The output can be a bit complex, as it may contain multiple outputs. Each output element can have several content elements. To simplify, we’ll extract the first output element and its first content element to display the text.

# Simple text prompt and response...
response = client.responses.create(
  model=model_name,
  input="Who is this Frank Kane guy on Udemy anyhow?",
  instructions="Always talk like a pirate."
)

print("\nFull response:")
parsed = response.to_dict()
print(json.dumps(parsed, indent=2))

print("\nText only:")
print(response.output[0].content[0].text)
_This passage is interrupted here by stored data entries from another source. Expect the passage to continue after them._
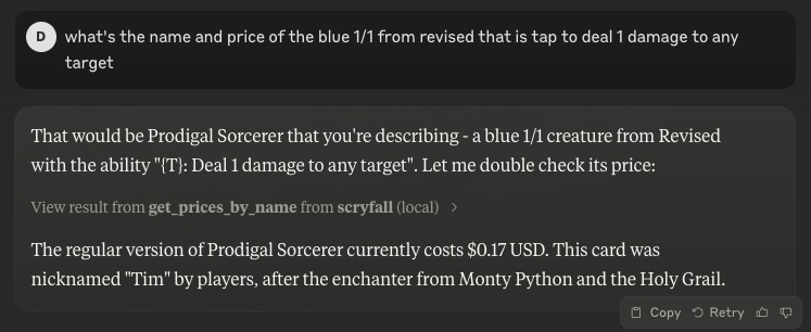 A Model Context Protocol (MCP) server for interacting with the Scryfall API. It provides tools to look up Magic: The Gathering card details, card rulings, and price information.
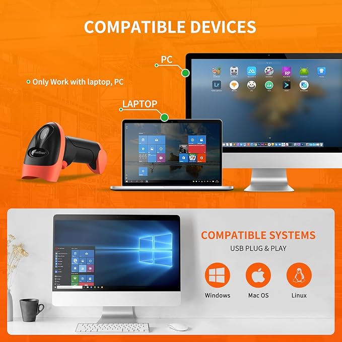 - ✨Plug and Play - Just plug into a standard USB port and start your scan, no drivers required, no battery; works with Windows, Linux and Mac OS systems. Works with Quickbook, Word, Excel, Novell, and all common software.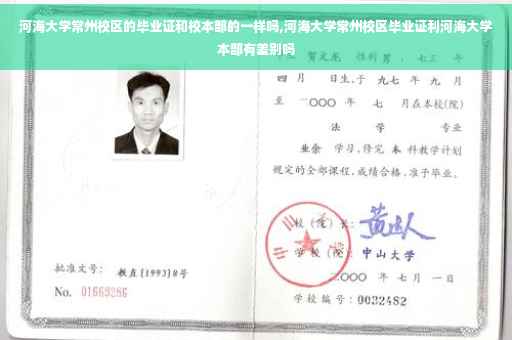 河海大学常州校区的毕业证与河海本部的毕业证没有区别。 因为河海大学常州校区是河海大学的分校,分校生的本科毕业证书由总校统一颁发,证书的封皮样式与文字与总校一模一样,发的都是河海大学的毕业证,没有常州校区字样。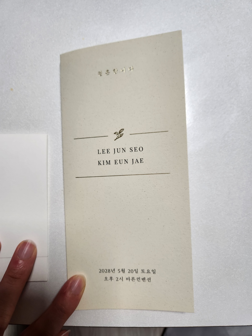 청첩장 봉투에 이름 적는 위치를 고민했는데 정답은 없더라고요.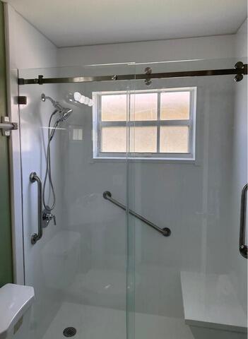 This bathroom transformation involved converting a traditional bathtub into a modern walk-in shower, enhancing both functionality and aesthetics. The new shower features a standard base with a left-side drain, complemented by smooth Azzurra Bay wall panels that bring a serene, coastal tone to the space. Accessibility and comfort were prioritized with the installation of dual safety grab bars, a corner seat, and a semi-frameless sliding glass enclosure in brushed nickel finish. The plumbing was upgraded with a Muen Posi-Temp valve and matching brushed nickel fixtures. Additional enhancements include two corner shelves, a window trim kit, and natural lighting through the existing window, which was preserved and integrated into the design. This remodel showcases a thoughtful blend of safety, style, and practicality tailored to the homeowner’s needs.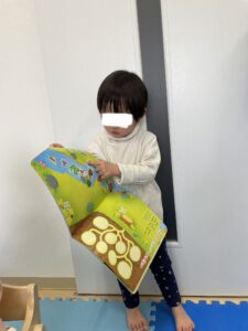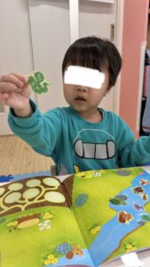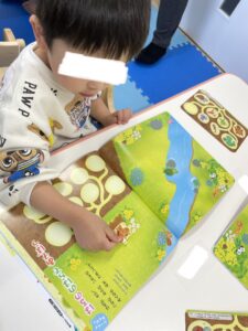 みんなとやった月刊絵本のシール貼り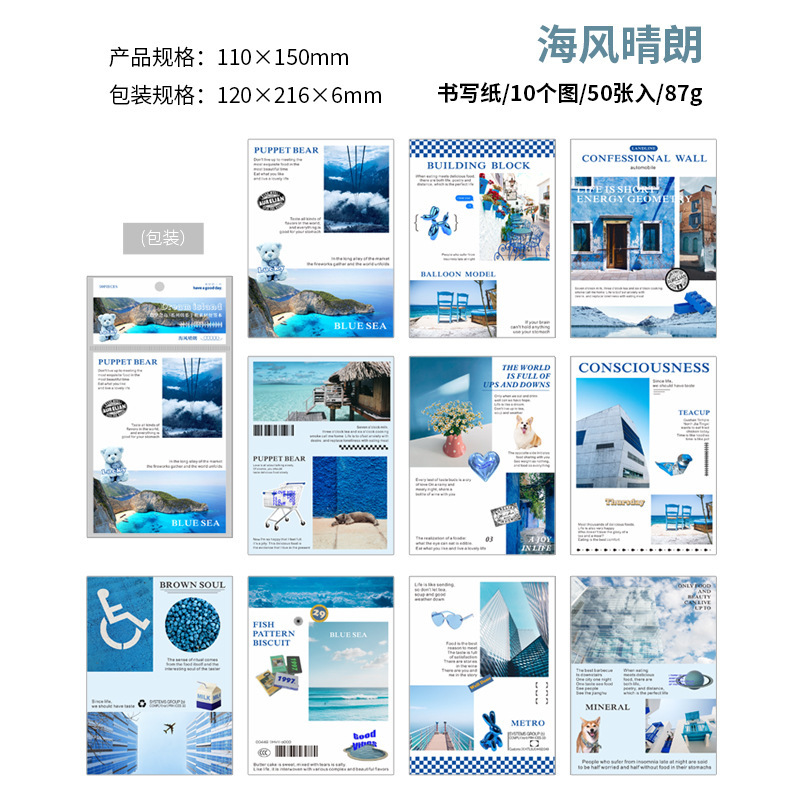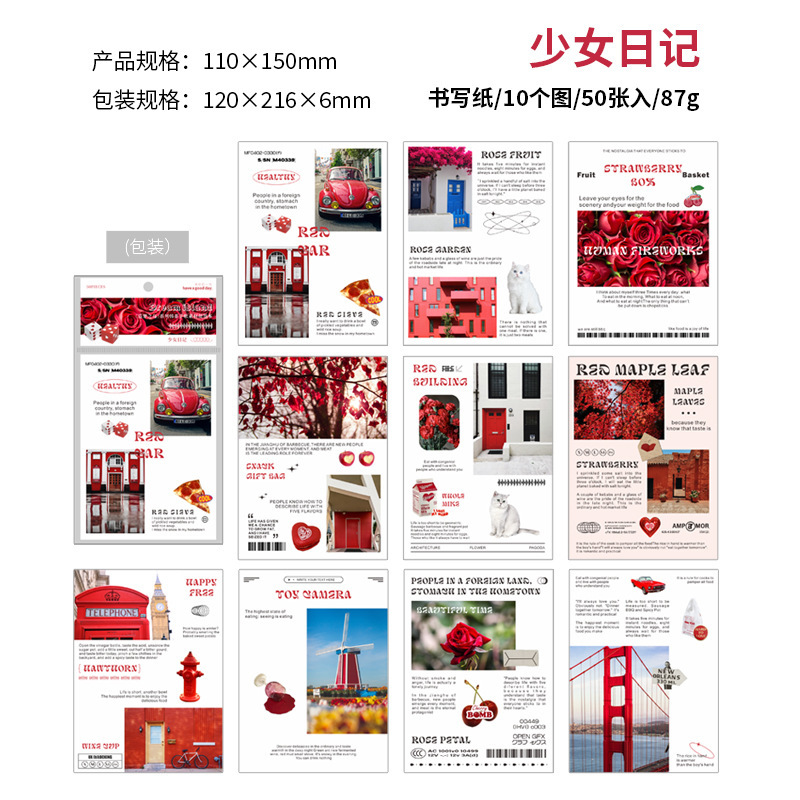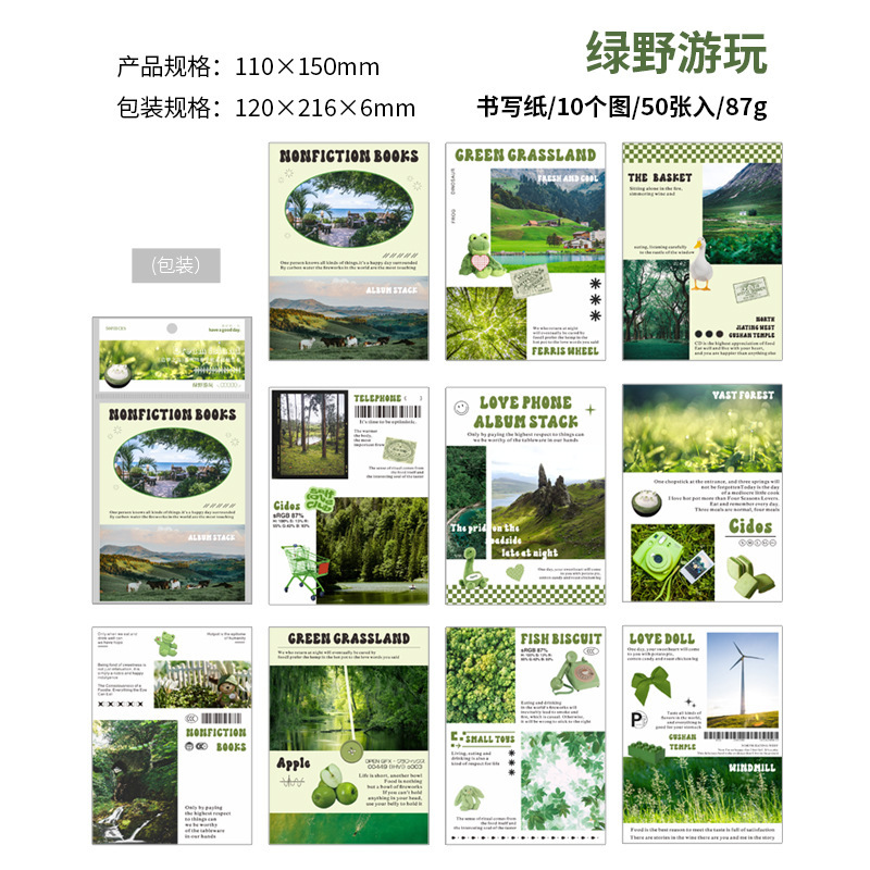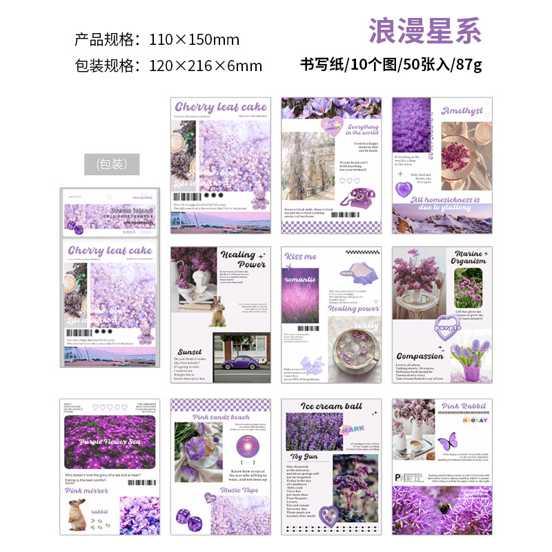 インテリア ペーパー 素材紙メモ紙 アンティーク ラベル 植物花葉 写真撮影風景 猫 イラスト 50枚入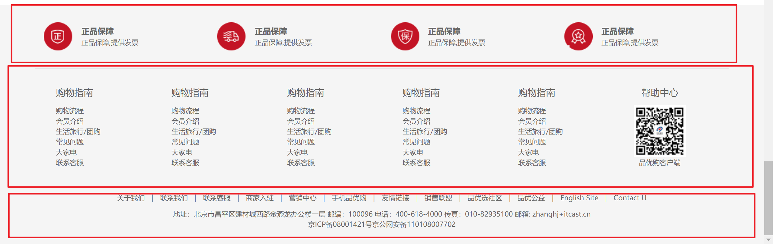 同样是一个大盒子里有三个子盒子,不过三个子盒子使用依次向下正常的标准流。使用小li或者div>div也是可以的。中间的盒子需要用到自定义列表了,也就是dl>dt/dd,给浮动,内外边距。最底部内容居中。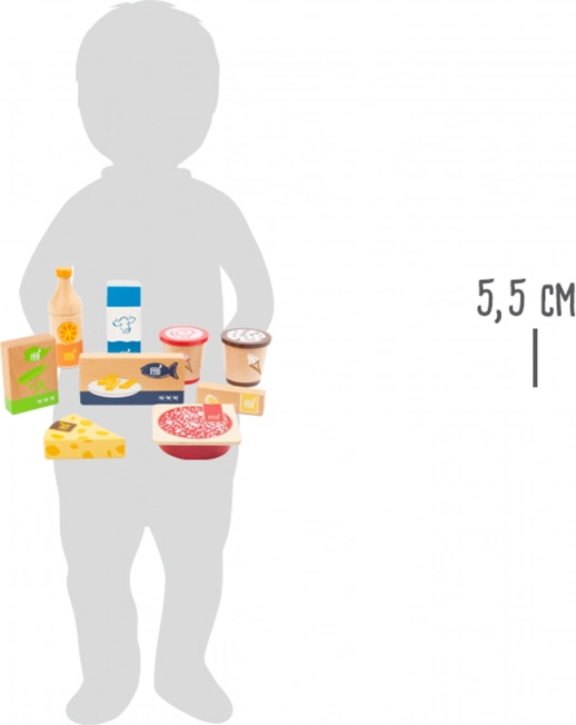 A szettben narancslé, két doboz fagylalt, borsó, halrudak, vaj, sajt, szeletelt felvágott és egy doboz tej található. A valósághű nyomatok és a természetes megjelenés első pillantásra magukkal ragadnak. A masszív fának köszönhetően a készlet tartós, és készen áll a mindennapos játékra.

Analyzing Images with the API

In this section, we’ll explore how to use an image input with the Responses API. This process involves two main steps. First, you need to provide the image to the API. You can do this by uploading the image file using the Files API. For example, if you have an image file named bird.png, you would upload it and receive a file ID in return. This ID is crucial as it allows the API to reference the image.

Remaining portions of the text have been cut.